The classic drivers of the stockmarket are Fear and Greed. Right now, we are in Fear mode. To be fair, last week it was FOMO – Fear Of Missing Out – as the market bounce continued.
But this was a short term reaction, not a turning point.
The sell off in March was vicious. Once investors woke up to the dangers of the pandemic, pandemonium broke loose. The hedge funds piled into to short positions as everyone else piled out. And so the market overshot and went far too low. The small rebound sine then can be characterised in three ways.
- Bargain hunters thinking shares look cheap – on account of them being cheaper than they were. This doesn’t necessarily make them a bargain though.
- Hedge funds taking profit by closing out their short positions
- The classic dead-cat bounce, very often seen after a large fall. Incidentally, does anyone know if a dead-cat really does bounce if dropped from a great height? We vote that the classic TV programme Mythbusters should be reprised just to test this theory.
Dear reader, please note that none of these reasons refer to the Efficient Market Hypothesis, which we have previously claimed to be bunk. Click here to read why.
We do not believe this is the bottom of the market, nor anywhere near. It seems clear that with unemployment quickly rising to 10% and many firms only carrying on as staggering survivors, it is wishful thinking topped by political sleight-of-hand to think that the economy will just restart where it left off.
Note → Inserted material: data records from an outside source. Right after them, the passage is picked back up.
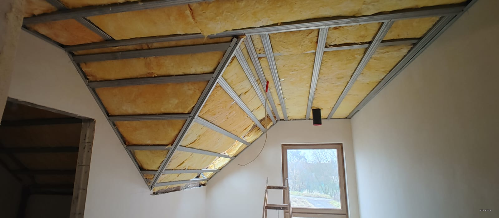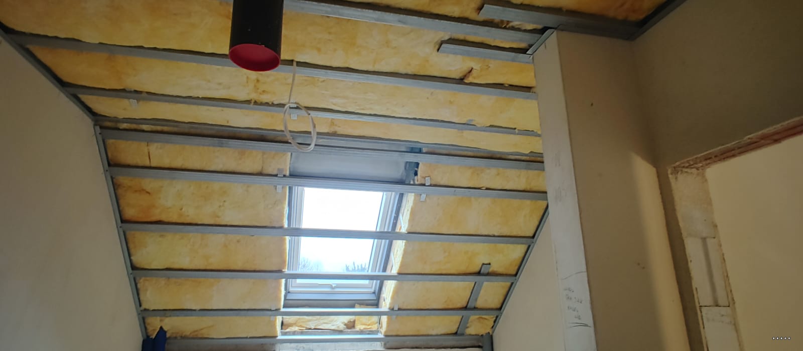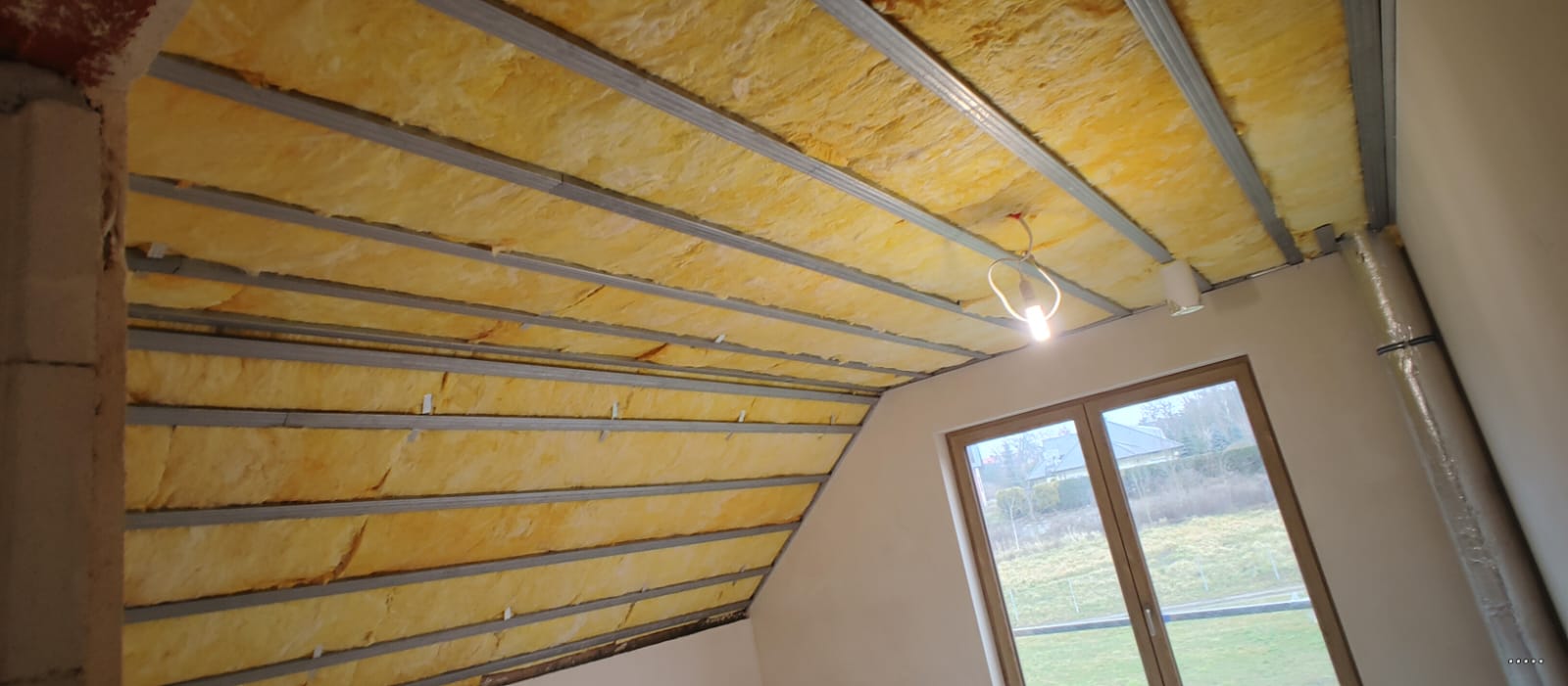 Wykonanie ocieplenia dachu i stropodachu wełną szklaną mineralną Isover Super mata 15 cm w domu jednorodzinnym Bibice / Michałowice / Zielonki
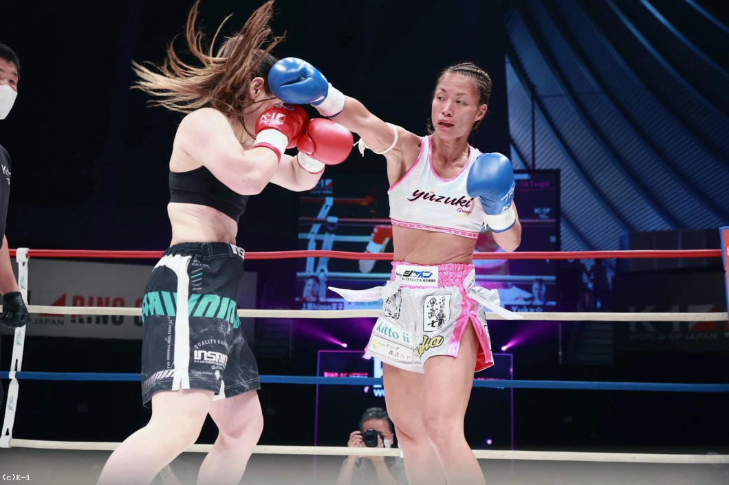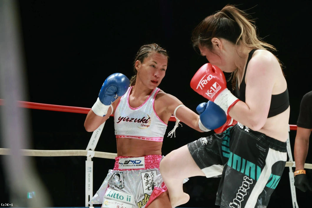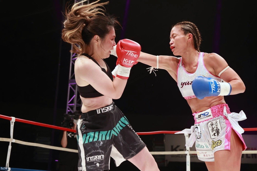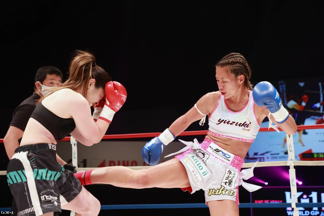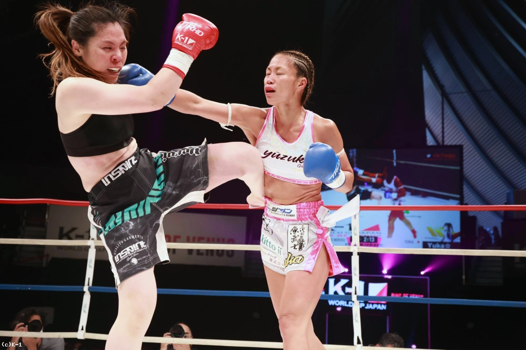 (昨日、同門のerika♡選手も勝って、いい形につながりましたが)そうですね。今日も応援に来てくれて、サポートしてくれていい流れにつなげてくれたので、勝つことができてよかったです。(大きい大会で結果が出て、これからK-1で目指すところは?)まだミニマム級のベルトがないので、そこを狙ってしっかり倒せるように練習していきたいと思ってますし、自分はパンチが一応得意ではあるので、そこを極めて、しっかりKOを狙っていける選手になりたいと思います。
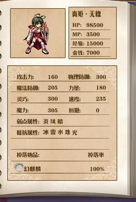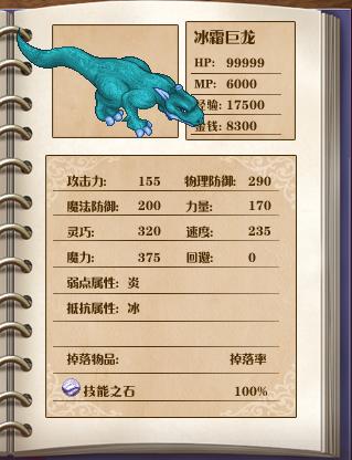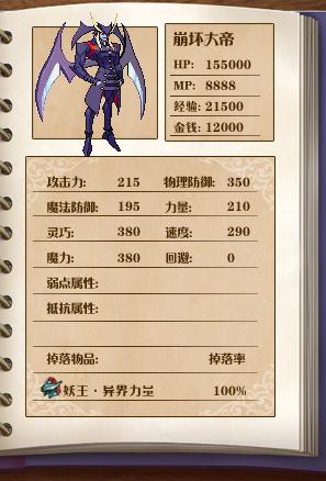 这。。。。。。。。是偶眼花了还是游戏出BUG了?剑王的能力真吓人~不愧为当年弑神之人!!首先没特别的弱点属性,这使得魔法攻击战术失败,但如果冰儿魔力到达极限,装备神石的话伤害还是可观的。。其次速度,灵巧极高,尤其是灵巧605这数字在全2BOSS中也是屈指可数的。。速度较之前的大幅度上升,此时来挑战是个错误吧?!囧,魔力<力量可知其攻击大多为物理性,SO战前注意装备物防较高的防具,免得进入战斗后由于物防过低被秒杀。。总之要打起十二万分的精神应战,也许剑王最大的弱点就是HP较弱。。这就是偶们唯一的胜算,强攻即可。。。祝大家挑战成功~
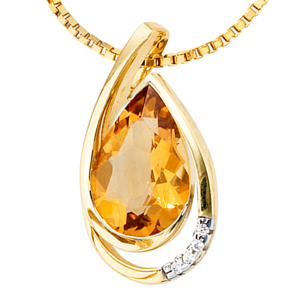 Anhänger Tropfen 585 Gold Diamanten Citrin
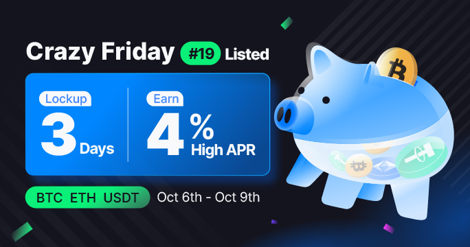 تسمح هذه المرحلة من Crazy Friday بقفل BTC/ETH/USDT لمدة قصيرة تصل إلى 3 أيام. يصل معدل الفائدة السنوية إلى 4% وإجمالي حصة الاشتراك محدودة وسيتم تقديمها على أساس أسبقية الحضور!
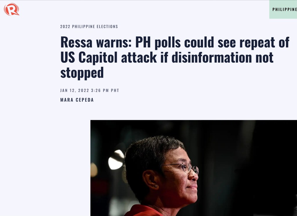 The CEO of the online news portal Rappler warned that if disinformation is not stopped, specifically in connection with the 2022 Philippine elections, Filipinos will troop to Washington, D.C. and launch another siege on the Capitol.
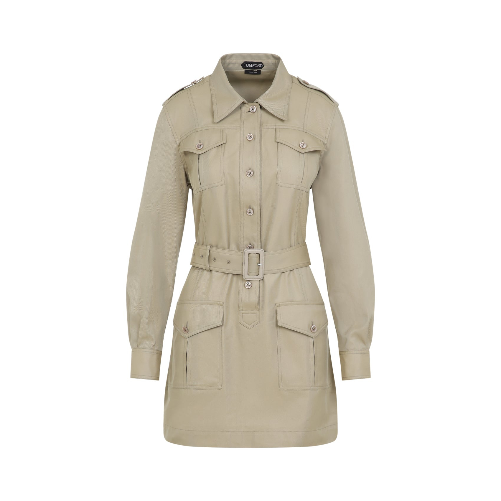 Tom Ford Pale Sage Beige Cotton Safari Mini Dress. Crafted in cotton and silk blend. Pointed collar, front buttoned fastening, buttoned flap pockets on the chest, buttoned straps on the shoulders, long sleeves, buttoned cuffs, side flap buttoned pockets, straight hem, mini-length. Cotton | 66%COTTON 34%SILK Size Type: IT SKU: AB3431FAX1215Nude&Neutrals Our Products Are 100% Genuine. In All Cases We Stand By The Authenticity Of Every Product Sold On Our Site. All sales are final and we only accept returns for quality issue. Buyer is responsible for any import tax/duty if applicable.
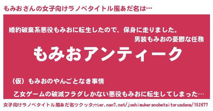 | 意味不明あだ名 | 『自称もみお』『しいたけ科もみお属』 |
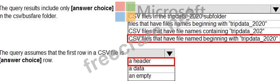 You are performing exploratory analysis of bus fare data in an Azure Data Lake Storage Gen2 account by using an Azure Synapse Analytics serverless SQL pool.
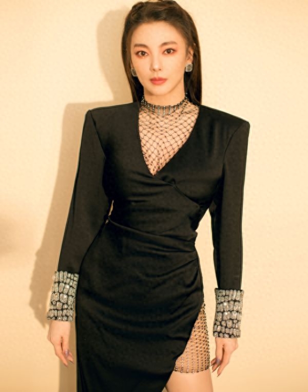 张雨绮这款高开叉礼服中的高开叉设计较为暴露,几乎将左侧大腿全部展露出来,就这种露肤面积而言,虽然提升了整体造型的女人味,但容易产生低俗感。为了避免这种情况发生,我们可以向张雨绮学习,在高开叉处拼接网纱面料。
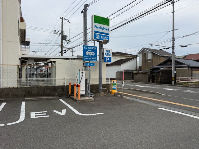 • ファミマ看板下に設置されています。最近更新され、eMPの新しい充電器になっています。
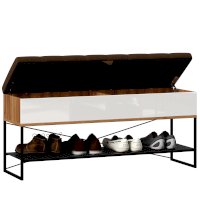 • Скамья установлена на опорный металлический каркас со стационарной металлической полкой для обуви. (полка с перфорацией)
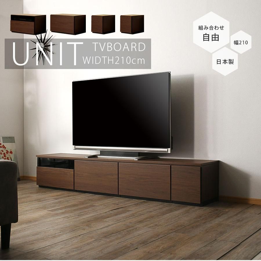 テレビ台 幅210cm テレビボード ブラウン グレー 日本製 完成品 210幅 ローボード 組み合わせ家具 ロータイプ 北欧 モダン 脚付 レイアウト 自由自在 大川家具
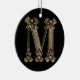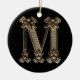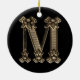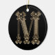 Photo of the letter "M" from a vintage initial pin. The image of the letter "M" is on both sides of the ornament.

Thanks for giving us so much of our children’s money, Mr Sunak. Bridging the gap makes sense, but what will we find on the other side? Will this economic viaduct be like the Humber Bridge, leaving Lincolnshire full of optimism, but then finding the other end is in Hull?
The harsh reality is that we are heading for a recession. The economy will take years to return to those heady levels of 2019. All the subsidies in the chancellor’s imagination cannot create a thirst to invest and grow. Nor can it revive dead firms.
If you must play in the market, think of using 1 or 2% of your portfolio as speculative fun. Otherwise, hunker down. This will be a long haul.